Was the trace back successful? Maybe additional methods are required in the Trace Back stage.
How long did it take to initiate a reaction?
Did you gather enough information to complete the Postmortem stage successfully?
Remember, as soon as the postmortem is complete, the Preparation stage for the next attack should start. The following questions can serve as a link between the analysis of the previous security threat and the Preparation stage for the future:
What worked well during and after the attack?
What needs to be improved? How can it be improved?
Who discovered the attack(s)—a user, the operator, or a management tool?
How long did it take to identify, classify, and trace back the attack?
How long did it take to block the attack?
Did the existing tools help support the operators?
Were the tools used at all? In which of the six stages of the process were tools used? What was their contribution to solving the issue?
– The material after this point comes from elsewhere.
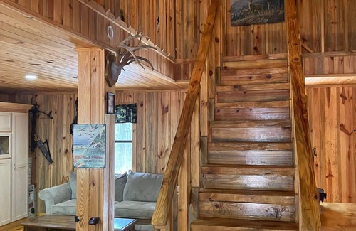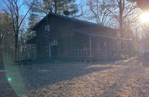 This is a rustic cabin set on 60 acres. Upstairs is open floor plan featuring beds for 7 plus plenty room for more cots or blow up mattresses.. Full kitchen , bathroom , fire pit. 20 minutes from Lake Degray. This property is used primarily for a deer lodge so it is out of the way yet still only 20 minutes to a Walmart, restaurants, etc. and perfect for viewing the Solar Eclipse! We love walking the wooded land and seeing wild life .if you like outdoors, this is the place for you.

How well did the different teams, such as network operators, data center administrators, and the security group, cooperate? How can the cooperation be improved?
What additional resources, processes, training, or tools are required?
Did you find a single point of failure in the network?
What is the most important lesson learned?
What will you do differently next time?
With answers to all these questions, you are ready for the Preparation stage, where you can prioritize action items and implement lessons learned to ensure future success.